The m269_db database contains another dataset made up from the tables man
, woman
, married
and parent
.
#Explore each of the tables to familiarise yourself with the columns and typical row values
q='''
SELECT *
FROM person;
'''
show(q)
person_name ------------- Freddie Adam Claire Indira Gail Dmitri Brian Jenny Hassan Eve
q='''
SELECT *
FROM town;
'''
show(q)
town_name ------------ Bristol York Bath London Norwich Newcastle Manchester Sunderland
q='''
SELECT *
FROM residence;
'''
show(q)
person_name | lives_in -------------|------------ Gail | Manchester Freddie | Bath Indira | London Jenny | Sunderland Hassan | York Eve | London Claire | Bristol Brian | Manchester Adam | London Dmitri | Bristol
Samples of two of the tables have been gathered into separate tables:
q='''
SELECT *
FROM small_student;
'''
show(q)
student_id | student_name ------------|-------------- X008 | Mike X018 | Rachel X043 | Simon
q='''
SELECT *
FROM small_parent;
'''
show(q)
mother | father | child --------|--------|-------- Olivia | Mike | Victor Rachel | John | Willow
Do you remember how we can join tables?
q='''
SELECT *
FROM small_student CROSS JOIN small_parent;
'''
show(q)
student_id | student_name | mother | father | child ------------|--------------|--------|--------|-------- X008 | Mike | Olivia | Mike | Victor X008 | Mike | Rachel | John | Willow X018 | Rachel | Olivia | Mike | Victor X018 | Rachel | Rachel | John | Willow X043 | Simon | Olivia | Mike | Victor X043 | Simon | Rachel | John | Willow
#Which students are also fathers?
#We are only interested in those rows where the value in the student_name column is equal to
# the value in the father column:
q='''
SELECT *
FROM small_student CROSS JOIN small_parent
WHERE student_name=father;
'''
show(q)
student_id | student_name | mother | father | child ------------|--------------|--------|--------|-------- X008 | Mike | Olivia | Mike | Victor
#to answer the question that was actually asked, we might prefer to return only
# the student’s personal identifier and name
q='''
SELECT student_id, student_name
FROM small_student CROSS JOIN small_parent
WHERE student_name=father;
'''
show(q)
student_id | student_name ------------|-------------- X008 | Mike
#Examine the tables residence and administration
#Examine the effect of CROSS JOINing them under the condition that lives_in=town
#List the names of those people who live in the county of Somerset.
q='''
SELECT person_name
FROM residence CROSS JOIN administration
WHERE lives_in=town AND county='Somerset';
'''
show(q)
person_name ------------- Freddie Claire Dmitri
#What column or columns are defined over the same objects in the two tables country and language?

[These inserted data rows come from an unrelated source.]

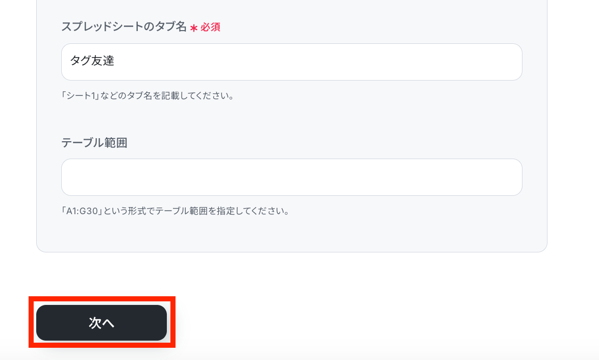 続いて、スプレッドシート内のタブ名も選択して、テーブル範囲を任意で設定したら、次の設定へ進みます。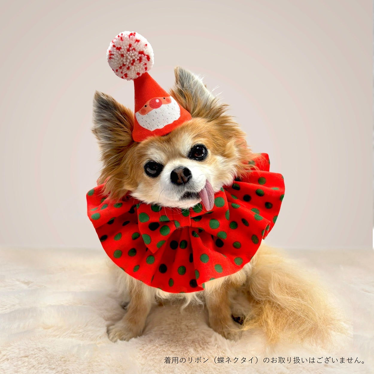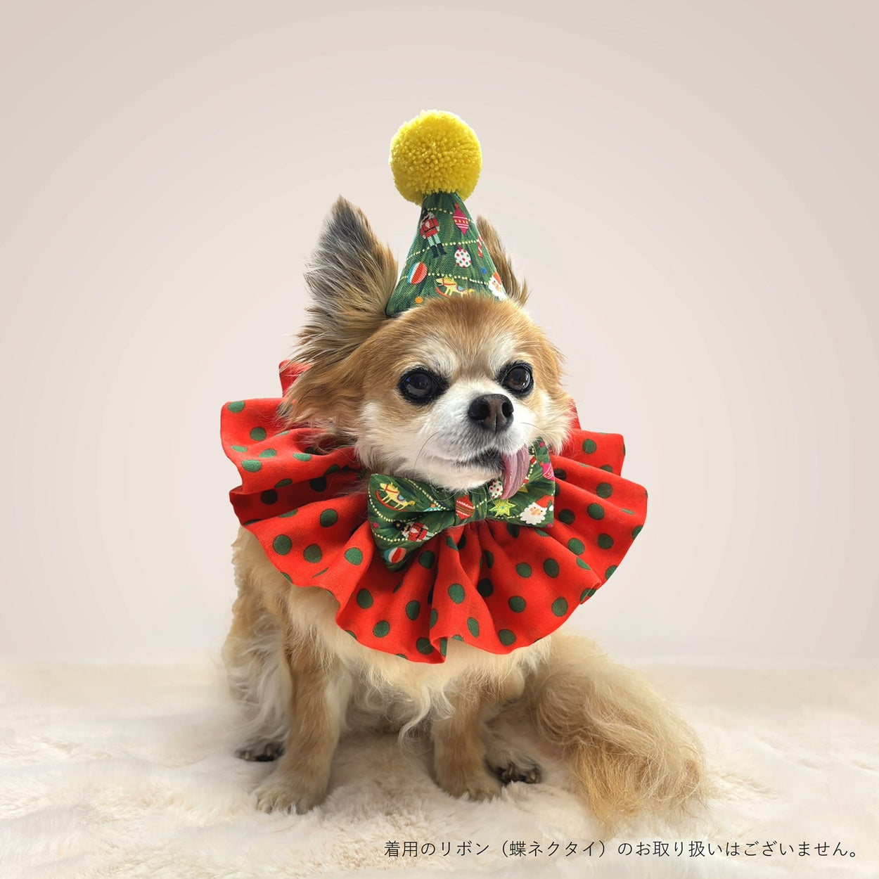 「クラウンカラー(CLOWN COLLAR) for Christmas(クリスマス限定)」(別売)とのセットアップコーディネートがオススメです。注)POMPOMHATとCLOWN COLLARは使用している生地が異なるため、多少色に差異がある場合があります。あらかじめご了承ください。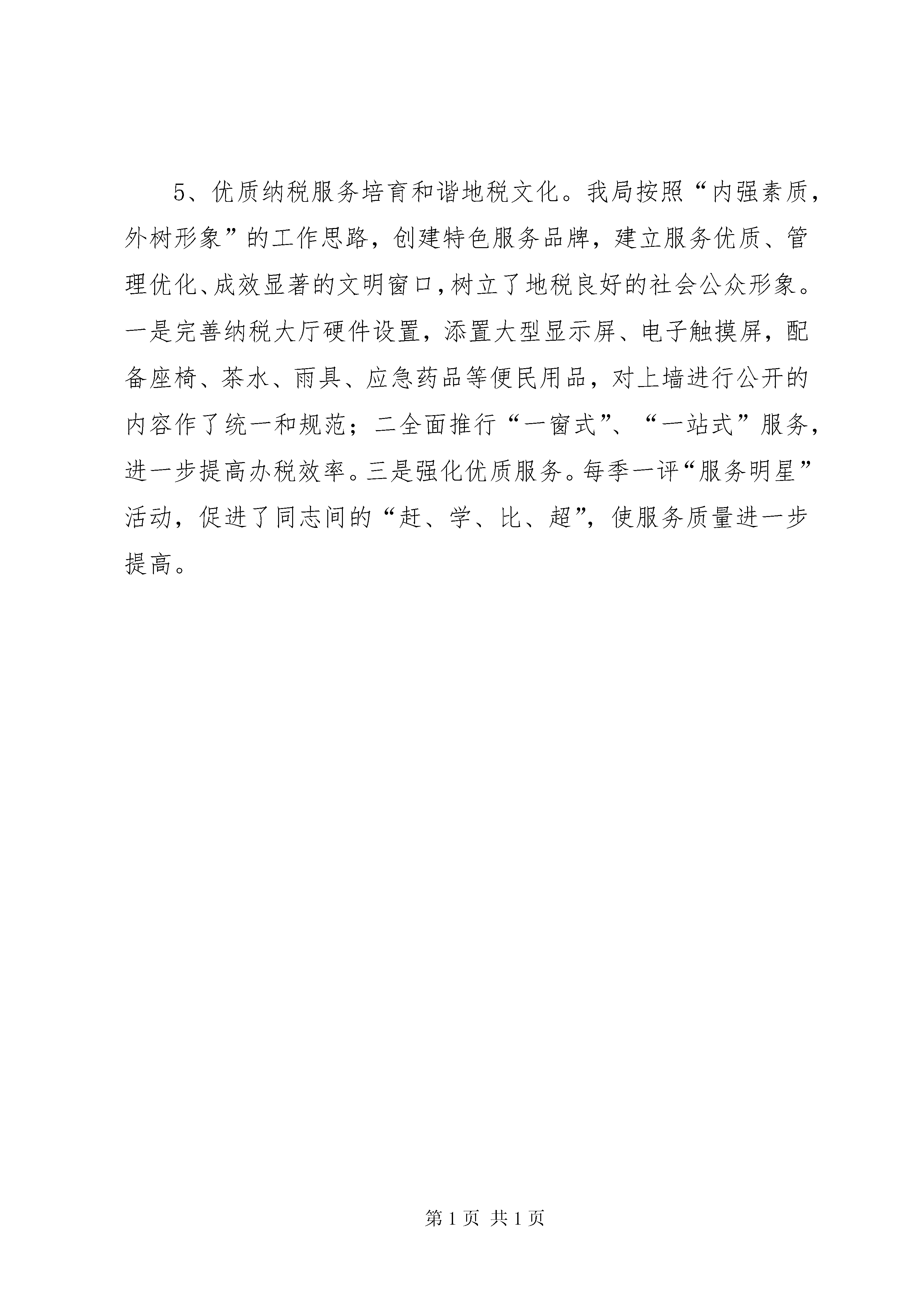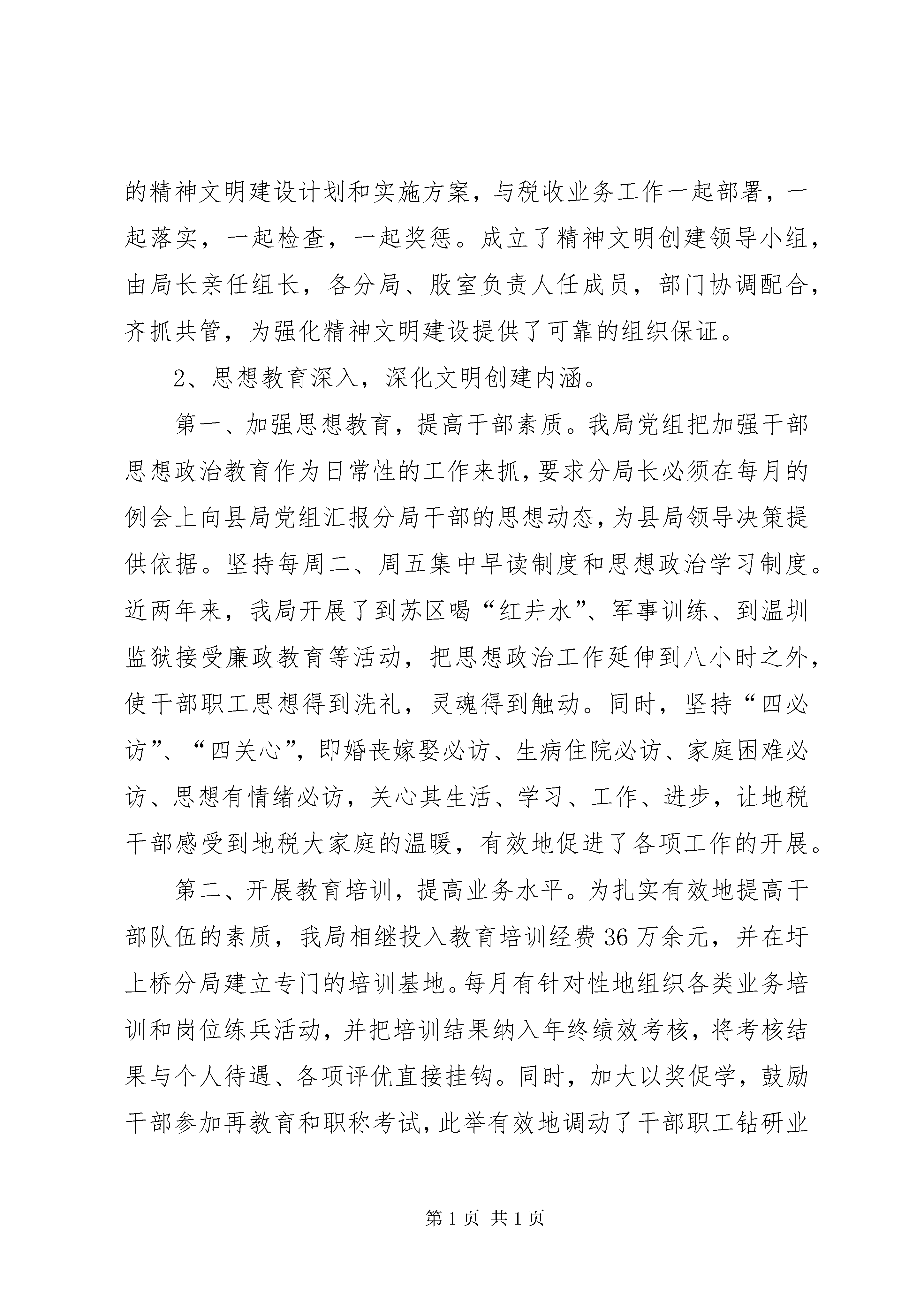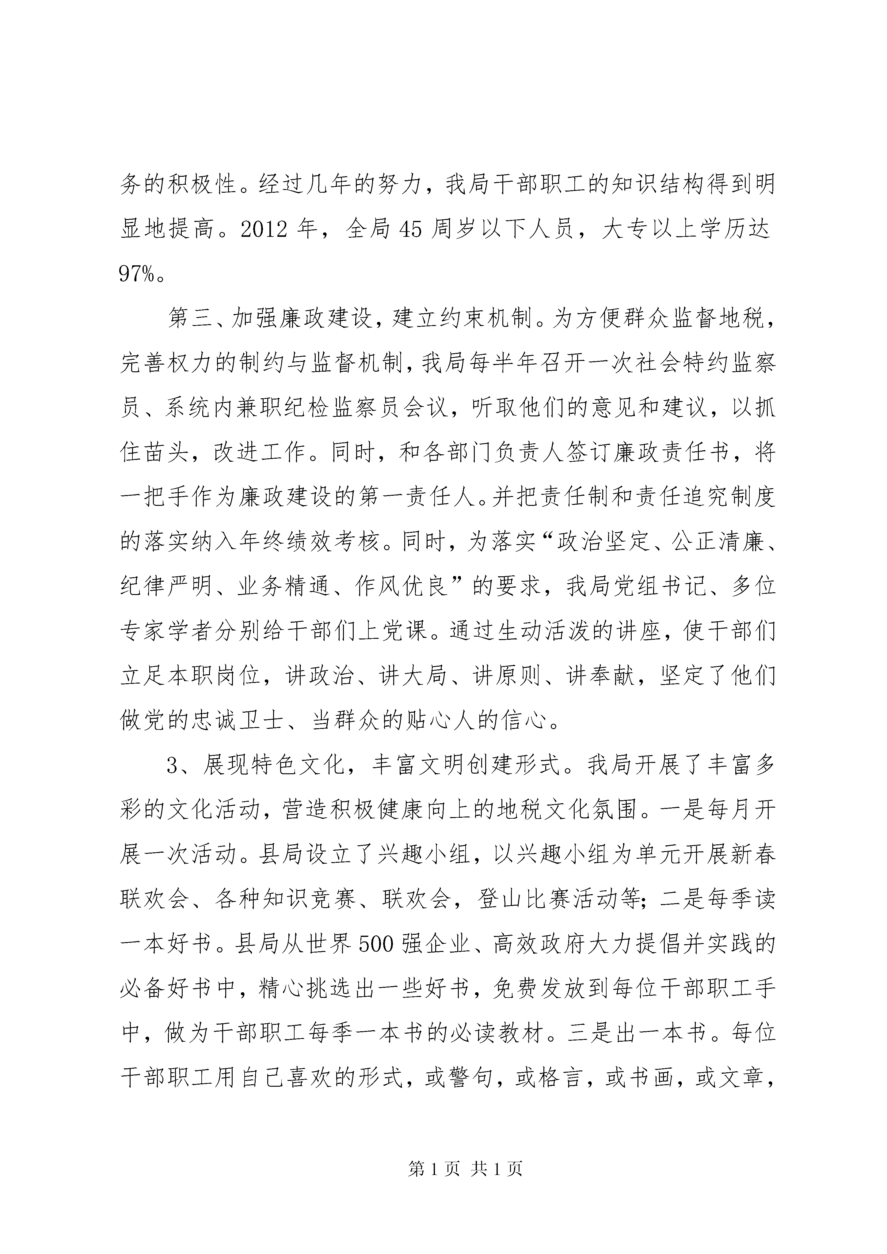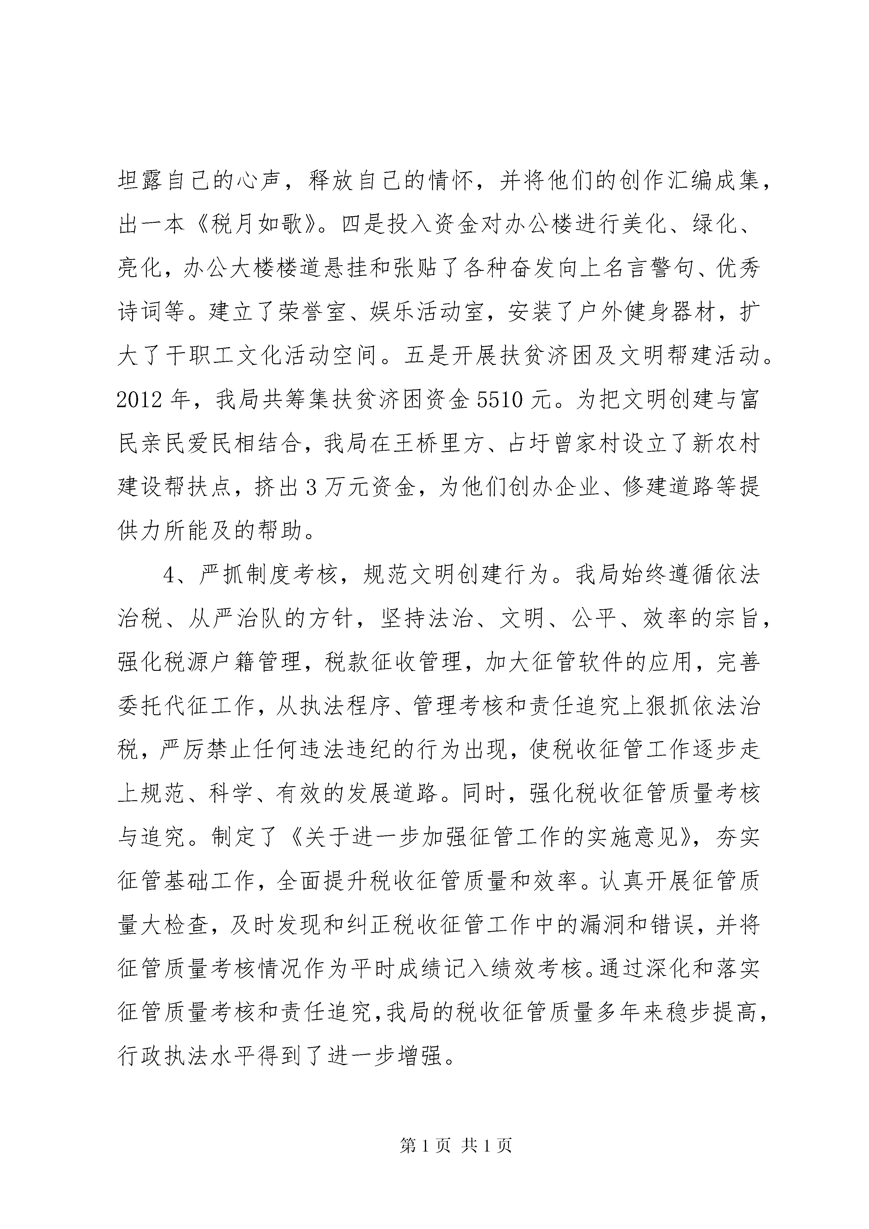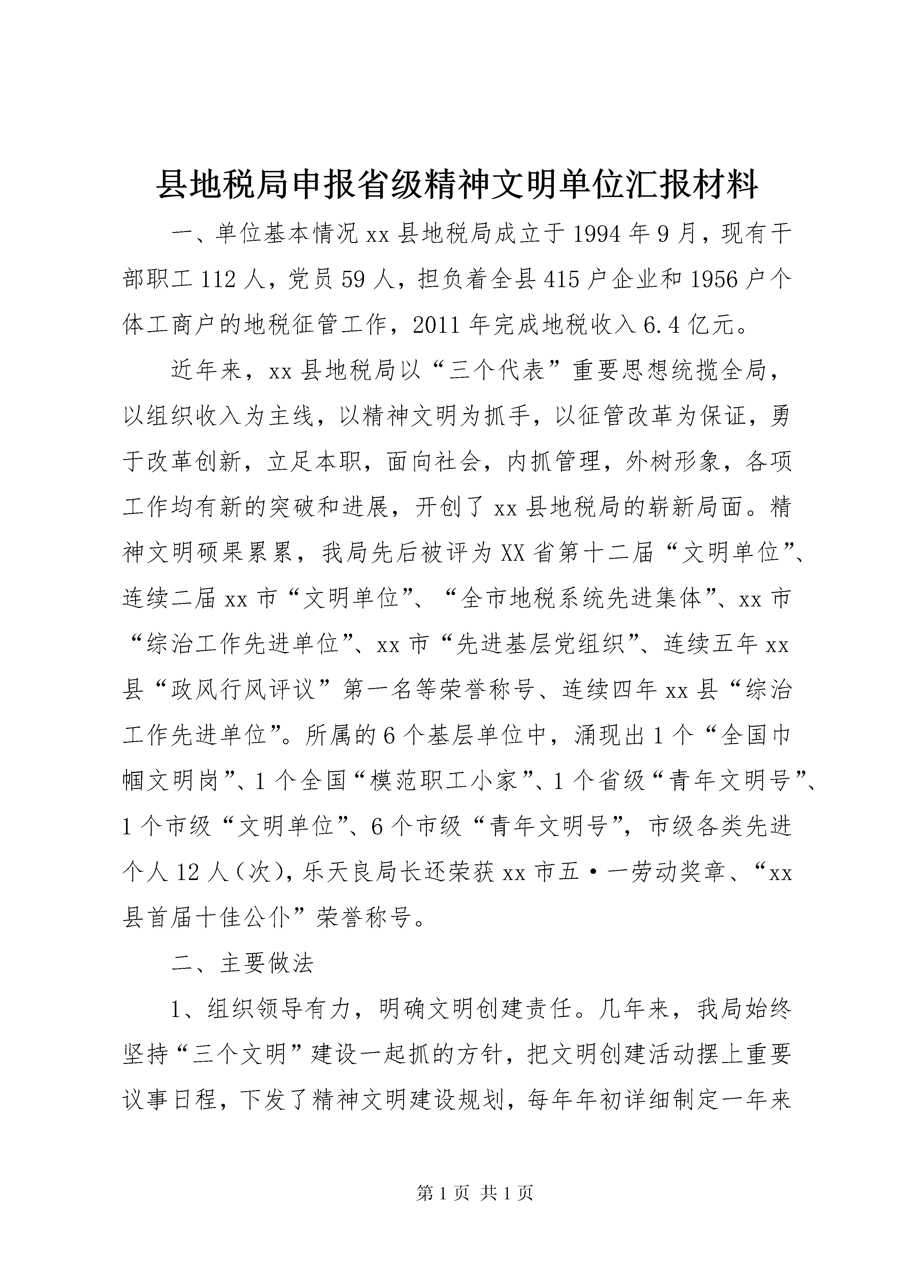 县地税局申报省级精神文明单位汇报材料一、单位基本情况xx县地税局成立于1994年9月,现有干部职工112人,党员59人,担负着全县415户企业和1956户个体工商户的地税征管工作,2011年完成地税收入6.4亿元。近年来,xx县地税局以“三个代表”重要思想统揽全局,以组织收入为主线,以精神文明为抓手,以征管改革为保证,勇于改革创新,立足本职,面向社会,内抓管理,外树形象,各项工作均有新的突破和进展,开创了xx县地税局的崭新局面。精神文明硕果累累,我局先后被评为XX省第十二届“文明单位”、连续二届xx市“文明单位”、“全市地税系统先进集体”、xx市“综治工作先进单位”、xx市“先进基层党组织”、连续五年xx县“政风行风评议”第一名等荣誉称号、连续四年xx县“综治工作先进单位”。所属的6个基层单位中,涌现出1个“全国巾帼文明岗”、1个全国“模范职工小家”、1个省级“青年文明号”、1个市级“文明单位”、6个市级“青年文明号”,市级各类先进个人12人(次),乐天良局长还荣获xx市五·一劳动奖章、“xx县首届十佳公仆”荣誉称号。二、主要做法1、组织领导有力,明确文明创建责任。几年来,我局始终坚持“三个文明”建设一起抓的方针,把文明创建活动摆上重要议事日程,下发了精神文明建设规划,每年年初详细制定一年来的精神文明建设计划和实施方案,与税收业务工作一起部署,一起落实,一起检查,一起奖惩。成立了精神文明创建领导小组,由局长亲任组长,各分局、股室负责人任成员,部门协调配合,齐抓共管,为强化精神文明建设提供了可靠的组织保证。2、思想教育深入,深化文明创建内涵。第一、加强思想教育,提高干部素质。我局党组把加强干部思想政治教育作为日常性的工作来抓,要求分局长必须在每月的例会上向县局党组汇报分局干部的思想动态,为县局领导决策提供依据。坚持每周二、周五集中早读制度和思想政治学习制度。近两年来,我局开展了到苏区喝“红井水”、军事训练、到温圳监狱接受廉政教育等活动,把思想政治工作延伸到八小时之外,使干部职工思想得到洗礼,灵魂得到触动。同时,坚持“四必访”、“四关心”,即婚丧嫁娶必访、生病住院必访、家庭困难必访、思想有情绪必访,关心其生活、学习、工作、进步,让地税干部感受到地税大家庭的温暖,有效地促进了各项工作的开展。第二、开展教育培训,提高业务水平。为扎实有效地提高干部队伍的素质,我局相继投入教育培训经费36万余元,并在圩上桥分局建立专门的培训基地。每月有针对性地组织各类业务培训和岗位练兵活动,并把培训结果纳入年终绩效考核,将考核结果与个人待遇、各项评优直接挂钩。同时,加大以奖促学,鼓励干部参加再教育和职称考试,此举有效地调动了干部职工钻研业务的积极性。经过几年的努力,我局干部职工的知识结构得到明显地提高。2012年,全局45周岁以下人员,大专以上学历达97%。第三、加强廉政建设,建立约束机制。为方便群众监督地税,完善权力的制约与监督机制,我局每半年召开一次社会特约监察员、系统内兼职纪检监察员会议,听取他们的意见和建议,以抓住苗头,改进工作。同时,和各部门负责人签订廉政责任书,将一把手作为廉政建设的第一责任人。并把责任制和责任追究制度的落实纳入年终绩效考核。同时,为落实“政治坚定、公正清廉、纪律严明、业务精通、作风优良”的要求,我局党组书记、多位专家学者分别给干部们上党课。通过生动活泼的讲座,使干部们立足本职岗位,讲政治、讲大局、讲原则、讲奉献,坚定了他们做党的忠诚卫士、当群众的贴心人的信心。3、展现特色文化,丰富文明创建形式。我局开展了丰富多彩的文化活动,营造积极健康向上的地税文化氛围。一是每月开展一次活动。县局设立了兴趣小组,以兴趣小组为单元开展新春联欢会、各种知识竞赛、联欢会,登山比赛活动等;二是每季读一本好书。县局从世界500强企业、高效政府大力提倡并实践的必备好书中,精心挑选出一些好书,免费发放到每位干部职工手中,做为干部职工每季一本书的必读教材。三是出一本书。每位干部职工用自己喜欢的形式,或警句,或格言,或书画,或文章,坦露自己的心声,释放自己的情怀,并将他们的创作汇编成集,出一本《税月如歌》。四是投入资金对办公楼进行美化、绿化、亮化,办公大楼楼道悬挂和张贴了各种奋发向上名言警句、优秀诗词等。建立了荣誉室、娱乐活动室,安装了户外健身器材,扩大了干职工文化活动空间。五是开展扶贫济困及文明帮建活动。2012年,我局共筹集扶贫济困资金5510元。为把文明创建与富民亲民爱民相结合,我局在王桥里方、占圩曾家村设立了新农村建设帮扶点,挤出3万元资金,为他们创办企业、修建道路等提供力所能及的帮助。4、严抓制度考核,规范文明创建行为。我局始终遵循依法治税、从严治队的方针,坚持法治、文明、公平、效率的宗旨,强化税源户籍管理,税款征收管理,

If you executed the query:
SELECT * FROM country CROSS JOIN language WHERE iso3166=country_iso;
what would the names of the columns in the returned table be?
YOUR ANSWER HERE
What would each row tell you?
YOUR ANSWER HERE
This completes our quick recap of the SQL commands you should recall from M269. SQL is actually a far richer language than we have seen and you will have an opportunity to learn more about it throught the course.
You will also see how the sorts of operation that can be applied using SQL can also be applied using other data manipulation languages. Developing a good understanding of how data is represented, and the operations that can then be applied to it, in abstract terms is essential if you are to be able to work with data effectively.